[[ Excerpted records open ]]

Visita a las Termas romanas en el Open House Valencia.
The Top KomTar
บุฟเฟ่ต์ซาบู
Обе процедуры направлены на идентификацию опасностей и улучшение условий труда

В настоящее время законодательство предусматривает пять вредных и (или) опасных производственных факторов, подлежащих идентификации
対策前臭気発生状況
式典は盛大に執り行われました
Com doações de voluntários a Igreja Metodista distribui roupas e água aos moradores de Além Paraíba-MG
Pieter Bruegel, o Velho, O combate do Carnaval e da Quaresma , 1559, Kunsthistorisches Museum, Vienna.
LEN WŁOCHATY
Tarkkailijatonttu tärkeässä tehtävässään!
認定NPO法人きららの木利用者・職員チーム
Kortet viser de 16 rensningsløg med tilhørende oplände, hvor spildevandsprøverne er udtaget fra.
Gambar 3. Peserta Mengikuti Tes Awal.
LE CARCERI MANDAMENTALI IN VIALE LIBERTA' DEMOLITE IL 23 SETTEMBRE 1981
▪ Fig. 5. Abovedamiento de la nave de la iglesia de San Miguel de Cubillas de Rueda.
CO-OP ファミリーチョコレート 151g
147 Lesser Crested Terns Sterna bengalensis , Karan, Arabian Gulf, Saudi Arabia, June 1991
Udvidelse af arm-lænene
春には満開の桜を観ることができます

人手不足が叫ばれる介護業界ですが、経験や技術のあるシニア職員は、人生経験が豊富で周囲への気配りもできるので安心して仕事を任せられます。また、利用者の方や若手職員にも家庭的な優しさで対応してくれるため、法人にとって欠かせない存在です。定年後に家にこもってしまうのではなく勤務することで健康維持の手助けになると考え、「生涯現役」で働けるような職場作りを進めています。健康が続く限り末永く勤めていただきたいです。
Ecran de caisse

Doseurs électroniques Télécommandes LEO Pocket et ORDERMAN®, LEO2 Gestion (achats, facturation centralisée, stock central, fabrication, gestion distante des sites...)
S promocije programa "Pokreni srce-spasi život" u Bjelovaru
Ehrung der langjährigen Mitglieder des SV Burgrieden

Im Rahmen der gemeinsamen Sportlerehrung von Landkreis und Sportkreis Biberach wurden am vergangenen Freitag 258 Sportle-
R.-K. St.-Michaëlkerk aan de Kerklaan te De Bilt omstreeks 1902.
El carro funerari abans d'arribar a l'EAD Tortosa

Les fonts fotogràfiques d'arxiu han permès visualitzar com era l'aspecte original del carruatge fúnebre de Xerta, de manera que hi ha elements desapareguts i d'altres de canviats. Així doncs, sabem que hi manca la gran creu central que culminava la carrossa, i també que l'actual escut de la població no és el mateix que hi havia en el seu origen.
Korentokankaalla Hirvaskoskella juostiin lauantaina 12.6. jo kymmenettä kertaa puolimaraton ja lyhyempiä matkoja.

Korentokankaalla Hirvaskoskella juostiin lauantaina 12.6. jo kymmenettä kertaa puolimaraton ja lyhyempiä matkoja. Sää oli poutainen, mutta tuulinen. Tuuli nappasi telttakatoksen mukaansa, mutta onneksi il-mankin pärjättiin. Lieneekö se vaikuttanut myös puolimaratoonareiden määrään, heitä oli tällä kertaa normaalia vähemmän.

[[ Excerpted records closed ]]

:: Activity ::
When a line holds the string "lyhyempiä", pull it out of the listing.

:: Response ::
Korentokankaalla Hirvaskoskella juostiin lauantaina 12.6. jo kymmenettä kertaa puolimaraton ja lyhyempiä matkoja.
Korentokankaalla Hirvaskoskella juostiin lauantaina 12.6. jo kymmenettä kertaa puolimaraton ja lyhyempiä matkoja. Sää oli poutainen, mutta tuulinen. Tuuli nappasi telttakatoksen mukaansa, mutta onneksi il-mankin pärjättiin. Lieneekö se vaikuttanut myös puolimaratoonareiden määrään, heitä oli tällä kertaa normaalia vähemmän.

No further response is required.